Live poker is a social game. In contrast, online poker is a solitary endeavour. You sit alone in front of your computer, playing anonymous avatars over bits of information. It's faster than a live game, and you can play as many games as you can handle at once. A game is always running, and nobody at your table questions why you are there. Obviously, the blogger and other "home" games are an attempt to recreate a live experience online, but they make up a small fraction of the total activity on any given day. One can play, by oneself, without judgement or social interaction, whenever one wants. Plus, you can drop your cards, and if you trip on your way to get a drink, nobody knows.

In order to succeed in poker, one needs to focus. This is easier live than online because you are often in a poker room, facing poker players, with concrete materials, tactile sensations, and minimal distractions surrounding you. Many have lamented their inability to focus online. TVs get turned on, web pages browsed, blogs read, games played, music blaring, etc.. If you have the ability to focus solely on the game at hand, then your results will be greatly improved.

And there are instant rewards. The thrill of winning a big hand or knocking out an opponent. The joy that comes with executing a well-laid trap or bluff to perfection. Then there's the money. You win, and you get more ammunition to fire. You are constantly proving you're better than someone else.

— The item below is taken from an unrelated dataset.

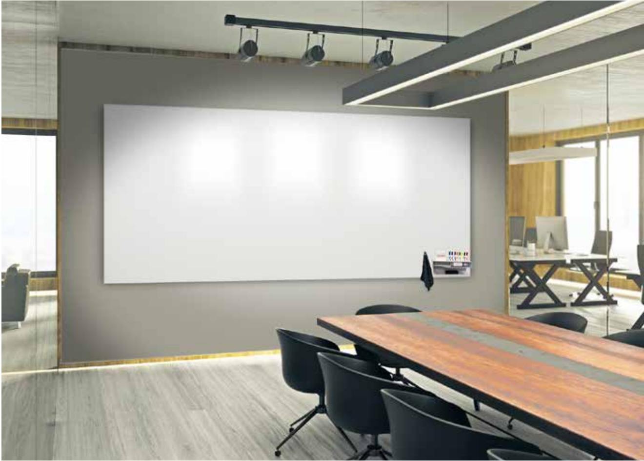
Merge Frameless magnetic porcelain markerboards. Available with square or knife edge.

Plus, it's online. Computers, networks, and algorithms are all you're dealing with. Everything is 1's and 0's - the cards, the money, the interface. None if it is "real". If you're a wizard with programs and hardware, then you are completely in your element. Let's not forget that poker is a game of odds. A fun and practical application of a variety of mathematics for a math whiz. Can you think of a more appealing game for a geek?

This brings us back to the social aspect. How many times have you seen someone "yell" after a bad beat - "I hope your entire family dies a horrible death!" (I have seen this phrase more than once). Endless rants about how horrible a player someone is when they make a bad call on the flop that turns into a great hand on the flop. Baseless bombast and conceit are the norm. Those of us who have some sense of maturity sit there and wonder, "how the hell can anyone think this is acceptable?" Well, I've mentioned one possibility.

So... minimal social interaction, no physical skills required, anonymous opponents, statistical math, technological skills, instant positive reinforcement, and a situation where intense focus is rewarded. Sounds like an all-you-can-eat buffet for someone with Asperger's. Take a look at some of the "Internet Pros" who make it into the sun for the WSOP. Be amazed by the guy who can play 16 tables at once and NOT just be playing aces and kings. Revaluate that guy who's stalking you from table to table ranting about how you called his push when he had a set and you had 15 outs twice. Your perspective might shift just a little bit.


Alan aka RecessRampage said...

LOL - I found that post strangely amusing...

I will say though... I think a lot of the ranters aren't socially inept but just immature... tons of kids playing these days.

Astin said...

I agree to a point. I think most of the ranters are just immature donkeys with some severe self-esteem issues. I feel like asking if they're mom knows they talk like that.

But occasionally you get someone who blurts out something so unexepected or out there that I just have to wonder if they're a bit... off.

And I wouldn't be the least bit surprised to learn that there are a lot players with Asperger's out there, but they probably just make a ton of money and keep to themselves.